### Requirement:
Do not include the pictures; repeat the rest of the data exactly.

### Data segment:
Content starts

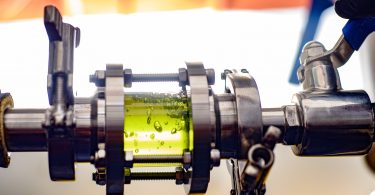 As phytocannabinoids are higher molecular weight, thermolabile compounds, the application of high vacuum distillation methods, such as molecular distillation, are used to isolate/separate/purify components without thermally degrading them. A molecular distillation unit has a feed vessel (Figure 2) that introduces miscella into the unit, whereupon the wipers spread an even coating as a thin film on the heated walls of the unit, thereby increasing the surface area. Specific and proprietary wipers can produce a thin layer of extract that’s 0.05 – 0.1 mm in thickness, significantly enhancing the evaporation surface area. The speed of the wiper blades’ rotation can be optimized and controlled to ensure uniform flow of the miscella for a rapid and efficient evaporation.
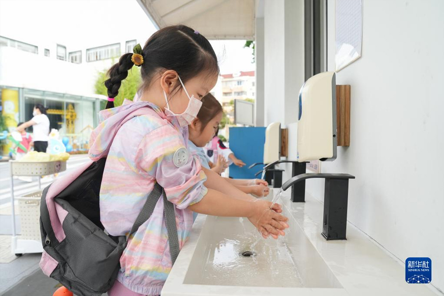 1/09月1日,在上海市徐匯區(qū)科技幼兒園,孩子們在水池前洗手。(新華社記者 丁汀/攝)
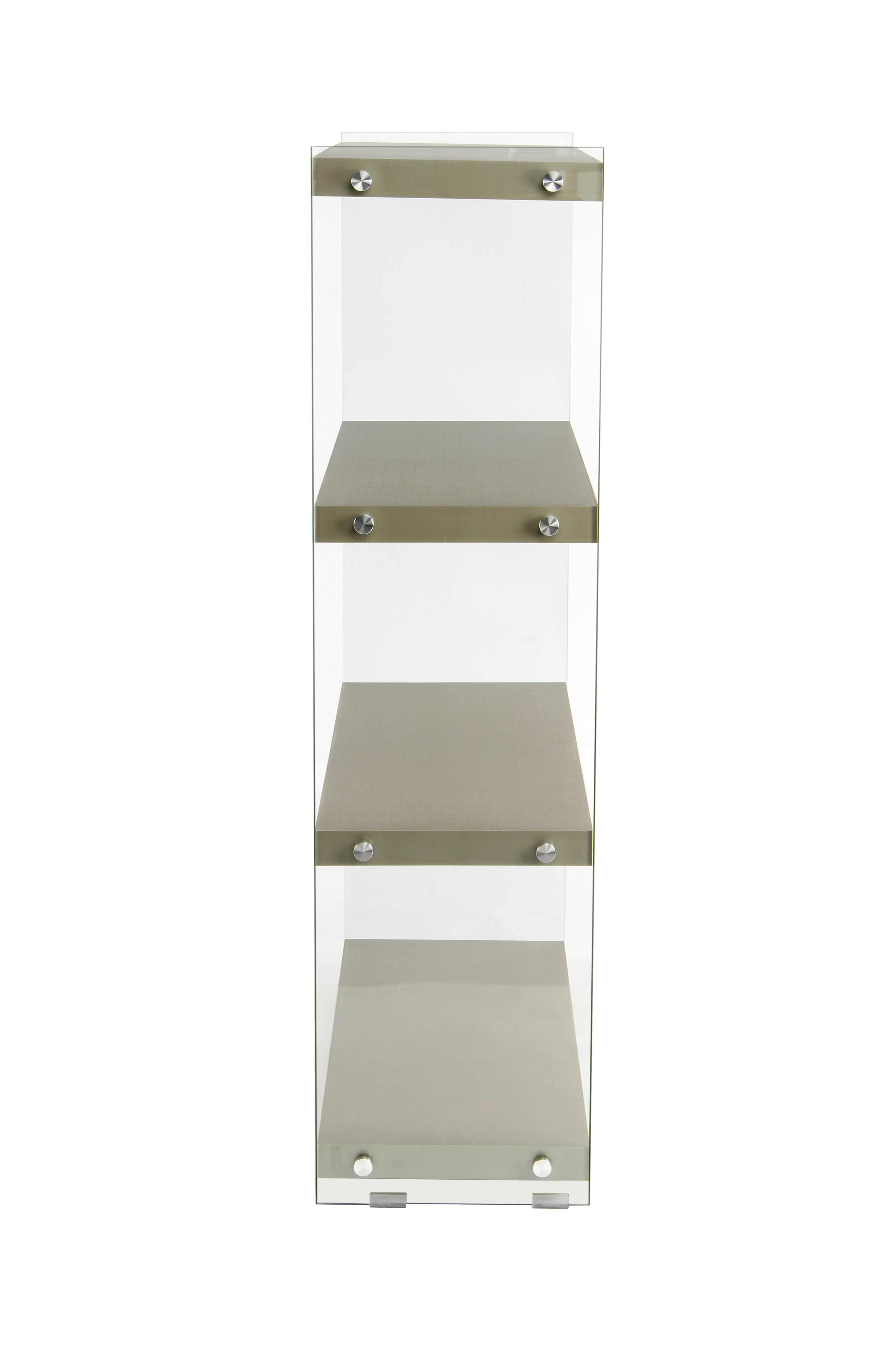 Das moderne Design dieses Regals zeichnet sich durch die transparenten Glas-Seitenwände und die unifarbenen Ablageflächen aus. Gleichzeitig ist das Design unaufdringlich und kann in verschiedene Einrichtungsstile integriert werden. Das Regal ist Bestandteil einer Möbelserie, sodass Sie durch die Kombination mit weiteren Möbelstücken ein einheitliches, harmonisches Gesamtambiente im Raum schaffen können. In dem Regal können ideal verschiedene Dinge platziert werden, wie beispielsweise Bücher, DVDs oder Dekoration. Egal ob als Wohnzimmerregal, Stauraum im Schlafzimmer oder als Ablage im Flur – das Regal ist vielseitig einsetzbar und ein praktisches und zugleich dekoratives Möbelstück. Durch die schmale Form kann es einfach an der Wand platziert werden und benötigt auch in kleinen und engen Räumen nur wenig Platz. Richten Sie sich mit Möbeln dieser Möbelserie in Ihrem Zuhause stilvoll ein und kombinieren Sie beispielsweise Regal und Beistelltisch miteinander. Das Regal kann in seiner tatsächlichen Farbgebung von den Bildern abweichen.
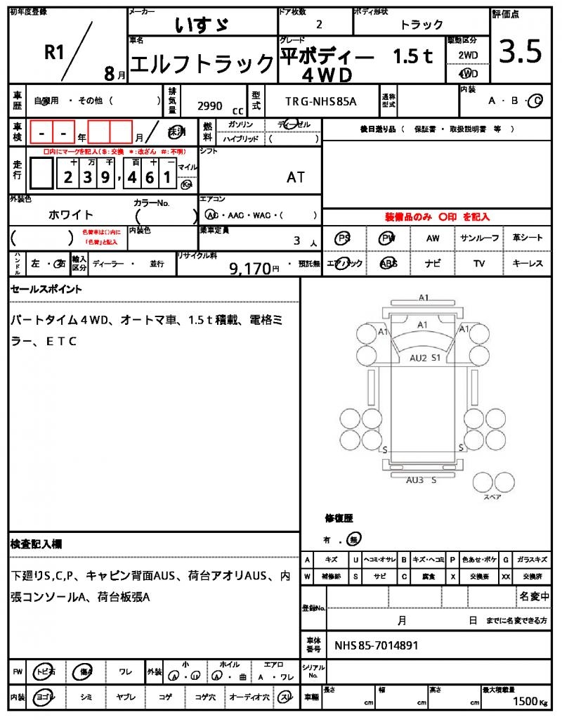| VIN/Serial No. | NHS85-7014891 |

Content ends

### Answer for the task:
 As phytocannabinoids are higher molecular weight, thermolabile compounds, the application of high vacuum distillation methods, such as molecular distillation, are used to isolate/separate/purify components without thermally degrading them. A molecular distillation unit has a feed vessel (Figure 2) that introduces miscella into the unit, whereupon the wipers spread an even coating as a thin film on the heated walls of the unit, thereby increasing the surface area. Specific and proprietary wipers can produce a thin layer of extract that’s 0.05 – 0.1 mm in thickness, significantly enhancing the evaporation surface area. The speed of the wiper blades’ rotation can be optimized and controlled to ensure uniform flow of the miscella for a rapid and efficient evaporation.
 1/09月1日,在上海市徐匯區(qū)科技幼兒園,孩子們在水池前洗手。(新華社記者 丁汀/攝)
 Das moderne Design dieses Regals zeichnet sich durch die transparenten Glas-Seitenwände und die unifarbenen Ablageflächen aus. Gleichzeitig ist das Design unaufdringlich und kann in verschiedene Einrichtungsstile integriert werden. Das Regal ist Bestandteil einer Möbelserie, sodass Sie durch die Kombination mit weiteren Möbelstücken ein einheitliches, harmonisches Gesamtambiente im Raum schaffen können. In dem Regal können ideal verschiedene Dinge platziert werden, wie beispielsweise Bücher, DVDs oder Dekoration. Egal ob als Wohnzimmerregal, Stauraum im Schlafzimmer oder als Ablage im Flur – das Regal ist vielseitig einsetzbar und ein praktisches und zugleich dekoratives Möbelstück. Durch die schmale Form kann es einfach an der Wand platziert werden und benötigt auch in kleinen und engen Räumen nur wenig Platz. Richten Sie sich mit Möbeln dieser Möbelserie in Ihrem Zuhause stilvoll ein und kombinieren Sie beispielsweise Regal und Beistelltisch miteinander. Das Regal kann in seiner tatsächlichen Farbgebung von den Bildern abweichen.
| VIN/Serial No. | NHS85-7014891 |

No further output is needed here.